→ Materials provided:
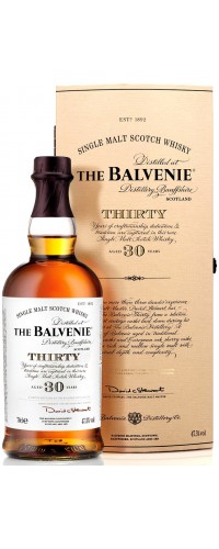 Balvenie 30 - это исключительный односолодовый виски, для которого Девид Стюарт, мастер The Balvenie Malt, отбирает особенные бочки, в которых виски созревает в течение 30 лет. Виски выдерживается в традиционных дубовых бочках из-под бурбона, а также в бочках из-под хереса. Вложив свой богатый опыт и талант, Девид создал богатый, мягкий скотч с необычайной глубиной и сложностью. Balvenie Thirty разливается в бутылки со своей естественной крепостью - 47.3%, сохраняя все характеристики Balvenie.
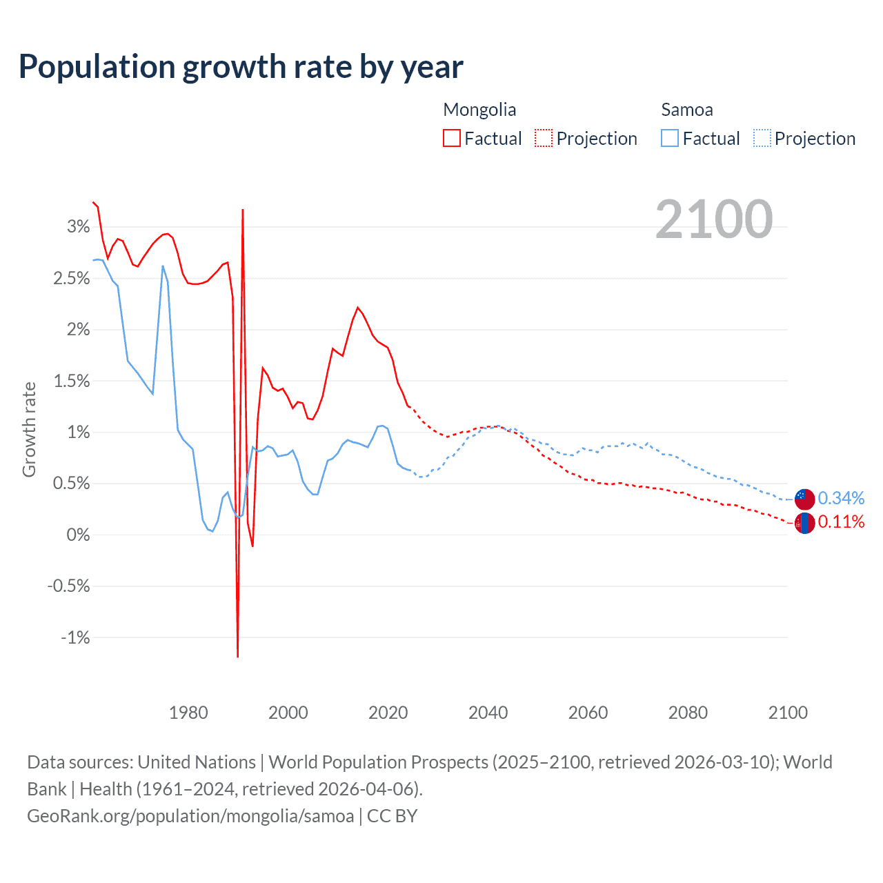 - For the last 10 years, Mongolia has had an average growth rate of +1.79% per year vs +0.87% in Samoa.
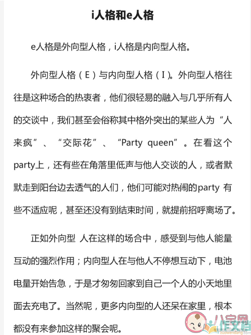 “为i做e”登上热搜,很多网友一脸懵逼,这里的i和eMBTI人格测试中的不同性格,在一群内向的人当中促使自己变成外向,奇奇怪怪无用的知识又增加了,那么,i人和e人是什么意思?下面作文档小编就带来介绍。
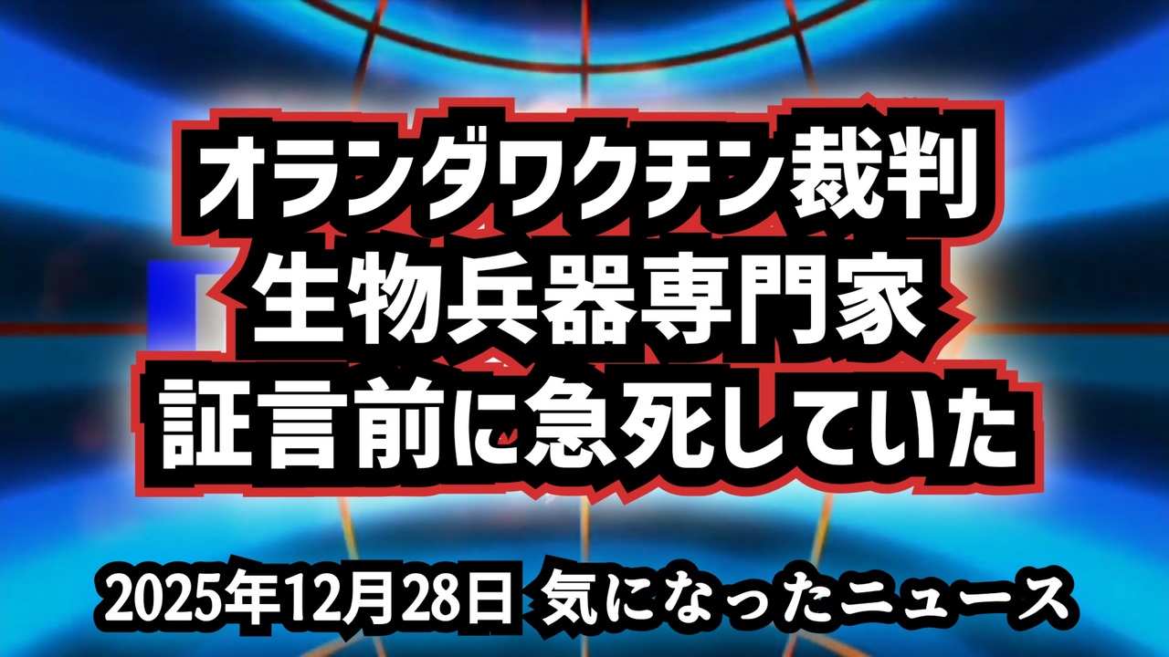 【証人が突然死】◆生物兵器専門家が証言前に急死|フランシス・ボイル教授の不可解な死とCOVIDワクチン裁判【オランダワクチン裁判】<br><br>証言前に消された!?生物兵器専門家<br>ワクチン裁判(オランダ裁判)の証人が突然死<br>フランシス・ボイル教授はなぜ死んだのか<br><br>生物兵器証言<br>証言直後の急死<br>ワクチン裁判証人<br>不可解な死亡<br>フランシスボイル<br>生物兵器専門家<br>死因不明<br>内部告発証言<br><br>あらすじ<br>生物兵器専門家として知られるフランシス・ボイル教授は、『生物兵器』および『バイオウェポン』に関する国際法制定にも関与した人物で、新型コロナワクチン被害に関するオランダ裁判において原告側の『裁判証人』として証言する予定だった。しかし『内部告発』に等しい証言に同意した直後、『証言者急死』という形で突然亡くなり、『死因不明』のまま真相は伏せられている。この一連の経緯は『ワクチン疑惑』と深く結びつき、多くの人々に『不可解な死』として強い衝撃を与えている。<br><br>ご覧いただきありがとうございます<br>m(_ _)m<br><br>気になったニュース 2025/12/28<br><br />著作権、肖像権に配慮して作成しております。<br><br>◆気になったニュースの台本!?<br>メモ代わりに作った台本をそのままあげてます<br><a href="https://keiichiro8140.hatenablog.com/." target="_blank" rel="noopener nofollow">https://keiichiro8140.hatenablog.com/.</a><br><br><br>ここからはシリーズ紹介<br><br><br>◆ ワクチン解毒・デトックス<br><a href="https://x.gd/fZweg" target="_blank" rel="noopener nofollow">https://x.gd/fZweg</a><br><br>◆ウイリアム・マキス博士のがん治療(イベルメクチン・フェンベンダゾール等)<br><a href="https://x.gd/AtFYS" target="_blank" rel="noopener nofollow">https://x.gd/AtFYS</a><br><br>◆予防接種健康被害救済制度<br><a href="https://x.gd/0xK9x" target="_blank" rel="noopener nofollow">https://x.gd/0xK9x</a><br><br>◆気になったニュース #1501~<br><br>◆ 【ショートver】気になったニュース<br><a href="https://x.gd/7MxXC" target="_blank" rel="noopener nofollow">https://x.gd/7MxXC</a><br><br>◆ 気になったニュース #1001~<br><a href="https://x.gd/Lp8gv" target="_blank" rel="noopener nofollow">https://x.gd/Lp8gv</a><br><br>◆ 気になったニュース #501~<br><a href="https://x.gd/EmbS4" target="_blank" rel="noopener nofollow">https://x.gd/EmbS4</a><br><br>◆ 気になったニュース #1~#500<br><a href="https://x.gd/uPhNb" target="_blank" rel="noopener nofollow">https://x.gd/uPhNb</a><br><br>◆ X(旧Twitter)・テレグラムで気になった情報<br><a href="https://x.gd/YG6FT" target="_blank" rel="noopener nofollow">https://x.gd/YG6FT</a><br><br>◆ 日比谷5万人パレードデ⚪生放送アーカイブ動画<br><a href="https://x.gd/3CHJv" target="_blank" rel="noopener nofollow">https://x.gd/3CHJv</a><br><br>◆日比谷5万人パレード⚪モのマイリスト作ってみました<br><a href="https://nico.ms/mylist/76828848?ref=sp_other" target="_blank" rel="noopener nofollow">https://nico.ms/mylist/76828848?ref=sp_other</a><br><br>◆3.30 令和の百姓⚪⚪<br><a href="https://www.nicovideo.jp/series/511791?ref=garage_share_other" target="_blank" rel="noopener nofollow">https://www.nicovideo.jp/series/511791?ref=garage_share_other</a><br><br>◆ 及川幸久さんの【XNEWS】シリーズ<br><a href="https://x.gd/3k78K" target="_blank" rel="noopener nofollow">https://x.gd/3k78K</a><br><br>◆これまでの動画<a href="https://x.gd/sPXoJ" target="_blank" rel="noopener nofollow">https://x.gd/sPXoJ</a><br><br>◆もしも(BAN)の時のためのマイリンク集<a href="https://lit.link/K-16_News44" target="_blank" rel="noopener nofollow">https://lit.link/K-16_News44</a><br><br>
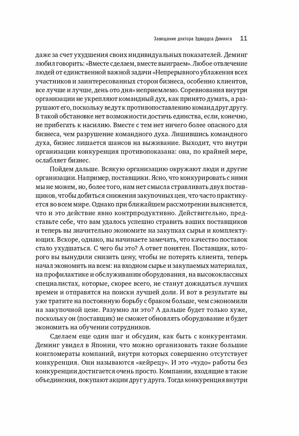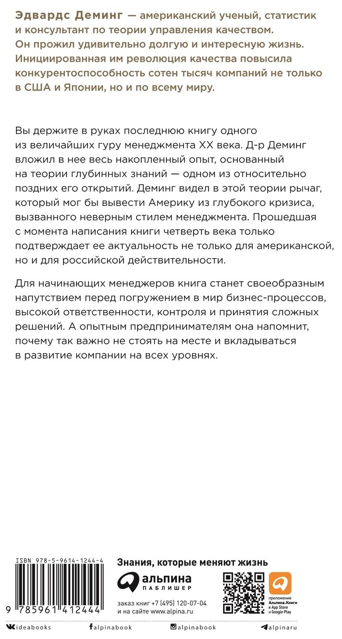 Это последняя книга одного из величайших гуру менеджмента XX века. Д-р Деминг вложил в нее весь свой опыт, основанный на теории глубинных знаний — одном из относительно поздних его открытий. Деминг видел в этой теории рычаг, который мог бы вывести Америку из глубокого кризиса, вызванного неверным стилем менеджмента. Спустя 25 лет с момента написания книги она все еще актуальна, причем не только для американской, но и для российской действительности.
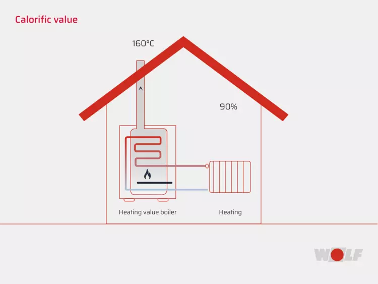 In a conventional boiler, only the net calorific value of the respective fuel is used, regardless of the source material. This applies to both old constant temperature systems and low temperature boilers.

→ What is expected:
Everything in the data except the pictures needs to be written out exactly.

→ Answer to the problem:
 Balvenie 30 - это исключительный односолодовый виски, для которого Девид Стюарт, мастер The Balvenie Malt, отбирает особенные бочки, в которых виски созревает в течение 30 лет. Виски выдерживается в традиционных дубовых бочках из-под бурбона, а также в бочках из-под хереса. Вложив свой богатый опыт и талант, Девид создал богатый, мягкий скотч с необычайной глубиной и сложностью. Balvenie Thirty разливается в бутылки со своей естественной крепостью - 47.3%, сохраняя все характеристики Balvenie.
 - For the last 10 years, Mongolia has had an average growth rate of +1.79% per year vs +0.87% in Samoa.
 “为i做e”登上热搜,很多网友一脸懵逼,这里的i和eMBTI人格测试中的不同性格,在一群内向的人当中促使自己变成外向,奇奇怪怪无用的知识又增加了,那么,i人和e人是什么意思?下面作文档小编就带来介绍。
 【証人が突然死】◆生物兵器専門家が証言前に急死|フランシス・ボイル教授の不可解な死とCOVIDワクチン裁判【オランダワクチン裁判】<br><br>証言前に消された!?生物兵器専門家<br>ワクチン裁判(オランダ裁判)の証人が突然死<br>フランシス・ボイル教授はなぜ死んだのか<br><br>生物兵器証言<br>証言直後の急死<br>ワクチン裁判証人<br>不可解な死亡<br>フランシスボイル<br>生物兵器専門家<br>死因不明<br>内部告発証言<br><br>あらすじ<br>生物兵器専門家として知られるフランシス・ボイル教授は、『生物兵器』および『バイオウェポン』に関する国際法制定にも関与した人物で、新型コロナワクチン被害に関するオランダ裁判において原告側の『裁判証人』として証言する予定だった。しかし『内部告発』に等しい証言に同意した直後、『証言者急死』という形で突然亡くなり、『死因不明』のまま真相は伏せられている。この一連の経緯は『ワクチン疑惑』と深く結びつき、多くの人々に『不可解な死』として強い衝撃を与えている。<br><br>ご覧いただきありがとうございます<br>m(_ _)m<br><br>気になったニュース 2025/12/28<br><br />著作権、肖像権に配慮して作成しております。<br><br>◆気になったニュースの台本!?<br>メモ代わりに作った台本をそのままあげてます<br><a href="https://keiichiro8140.hatenablog.com/." target="_blank" rel="noopener nofollow">https://keiichiro8140.hatenablog.com/.</a><br><br><br>ここからはシリーズ紹介<br><br><br>◆ ワクチン解毒・デトックス<br><a href="https://x.gd/fZweg" target="_blank" rel="noopener nofollow">https://x.gd/fZweg</a><br><br>◆ウイリアム・マキス博士のがん治療(イベルメクチン・フェンベンダゾール等)<br><a href="https://x.gd/AtFYS" target="_blank" rel="noopener nofollow">https://x.gd/AtFYS</a><br><br>◆予防接種健康被害救済制度<br><a href="https://x.gd/0xK9x" target="_blank" rel="noopener nofollow">https://x.gd/0xK9x</a><br><br>◆気になったニュース #1501~<br><br>◆ 【ショートver】気になったニュース<br><a href="https://x.gd/7MxXC" target="_blank" rel="noopener nofollow">https://x.gd/7MxXC</a><br><br>◆ 気になったニュース #1001~<br><a href="https://x.gd/Lp8gv" target="_blank" rel="noopener nofollow">https://x.gd/Lp8gv</a><br><br>◆ 気になったニュース #501~<br><a href="https://x.gd/EmbS4" target="_blank" rel="noopener nofollow">https://x.gd/EmbS4</a><br><br>◆ 気になったニュース #1~#500<br><a href="https://x.gd/uPhNb" target="_blank" rel="noopener nofollow">https://x.gd/uPhNb</a><br><br>◆ X(旧Twitter)・テレグラムで気になった情報<br><a href="https://x.gd/YG6FT" target="_blank" rel="noopener nofollow">https://x.gd/YG6FT</a><br><br>◆ 日比谷5万人パレードデ⚪生放送アーカイブ動画<br><a href="https://x.gd/3CHJv" target="_blank" rel="noopener nofollow">https://x.gd/3CHJv</a><br><br>◆日比谷5万人パレード⚪モのマイリスト作ってみました<br><a href="https://nico.ms/mylist/76828848?ref=sp_other" target="_blank" rel="noopener nofollow">https://nico.ms/mylist/76828848?ref=sp_other</a><br><br>◆3.30 令和の百姓⚪⚪<br><a href="https://www.nicovideo.jp/series/511791?ref=garage_share_other" target="_blank" rel="noopener nofollow">https://www.nicovideo.jp/series/511791?ref=garage_share_other</a><br><br>◆ 及川幸久さんの【XNEWS】シリーズ<br><a href="https://x.gd/3k78K" target="_blank" rel="noopener nofollow">https://x.gd/3k78K</a><br><br>◆これまでの動画<a href="https://x.gd/sPXoJ" target="_blank" rel="noopener nofollow">https://x.gd/sPXoJ</a><br><br>◆もしも(BAN)の時のためのマイリンク集<a href="https://lit.link/K-16_News44" target="_blank" rel="noopener nofollow">https://lit.link/K-16_News44</a><br><br>
 Это последняя книга одного из величайших гуру менеджмента XX века. Д-р Деминг вложил в нее весь свой опыт, основанный на теории глубинных знаний — одном из относительно поздних его открытий. Деминг видел в этой теории рычаг, который мог бы вывести Америку из глубокого кризиса, вызванного неверным стилем менеджмента. Спустя 25 лет с момента написания книги она все еще актуальна, причем не только для американской, но и для российской действительности.
 In a conventional boiler, only the net calorific value of the respective fuel is used, regardless of the source material. This applies to both old constant temperature systems and low temperature boilers.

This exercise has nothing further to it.